[Assignment] When you reach the line below that has "Tidligere i år", start returning lines exactly, and stop after the line that has "Полученные результаты редко"; skip the pictures.

(Data extracted from a collection)
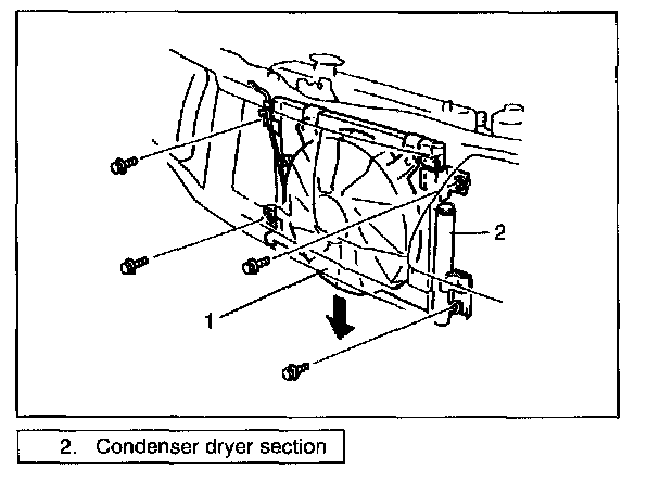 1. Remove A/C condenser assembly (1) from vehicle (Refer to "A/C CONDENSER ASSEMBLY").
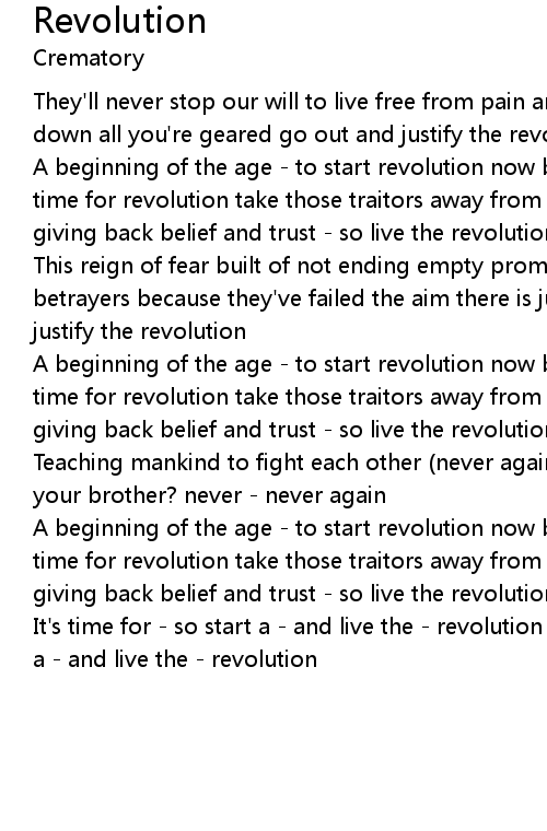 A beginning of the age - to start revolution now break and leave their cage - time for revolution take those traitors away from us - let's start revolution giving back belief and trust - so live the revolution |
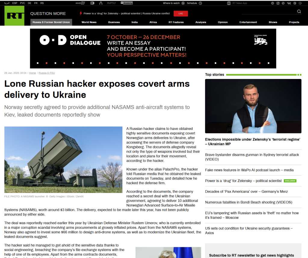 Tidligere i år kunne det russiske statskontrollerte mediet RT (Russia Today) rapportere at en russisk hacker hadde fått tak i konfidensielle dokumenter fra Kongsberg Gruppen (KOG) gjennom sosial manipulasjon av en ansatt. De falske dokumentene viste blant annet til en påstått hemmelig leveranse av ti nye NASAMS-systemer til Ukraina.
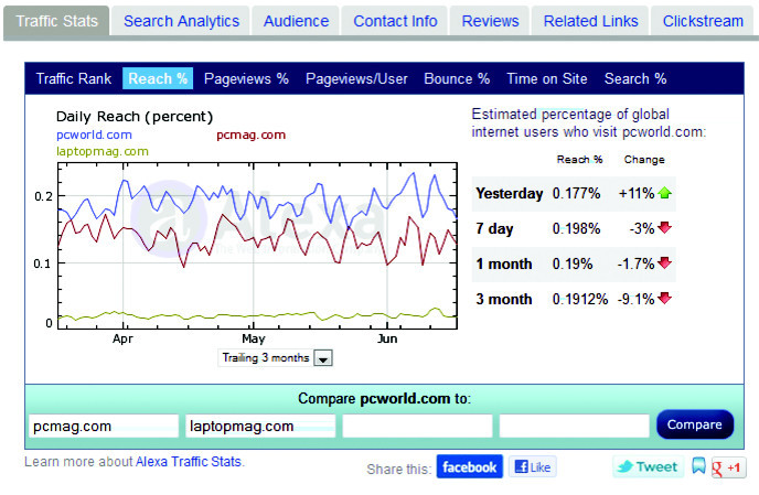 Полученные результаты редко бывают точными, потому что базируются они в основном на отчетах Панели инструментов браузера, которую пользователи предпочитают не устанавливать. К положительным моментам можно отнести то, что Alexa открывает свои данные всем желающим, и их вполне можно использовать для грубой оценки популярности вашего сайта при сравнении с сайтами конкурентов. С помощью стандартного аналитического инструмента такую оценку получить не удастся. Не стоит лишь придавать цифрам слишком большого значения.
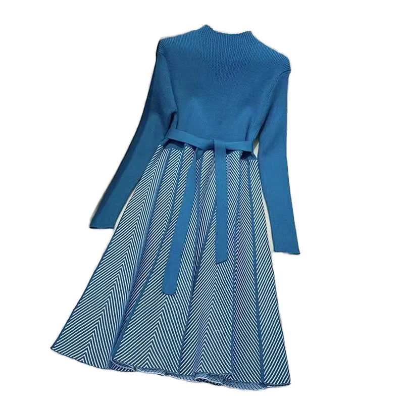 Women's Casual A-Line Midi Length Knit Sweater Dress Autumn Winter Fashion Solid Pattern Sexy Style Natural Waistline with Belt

[Your response]
 Tidligere i år kunne det russiske statskontrollerte mediet RT (Russia Today) rapportere at en russisk hacker hadde fått tak i konfidensielle dokumenter fra Kongsberg Gruppen (KOG) gjennom sosial manipulasjon av en ansatt. De falske dokumentene viste blant annet til en påstått hemmelig leveranse av ti nye NASAMS-systemer til Ukraina.
 Полученные результаты редко бывают точными, потому что базируются они в основном на отчетах Панели инструментов браузера, которую пользователи предпочитают не устанавливать. К положительным моментам можно отнести то, что Alexa открывает свои данные всем желающим, и их вполне можно использовать для грубой оценки популярности вашего сайта при сравнении с сайтами конкурентов. С помощью стандартного аналитического инструмента такую оценку получить не удастся. Не стоит лишь придавать цифрам слишком большого значения.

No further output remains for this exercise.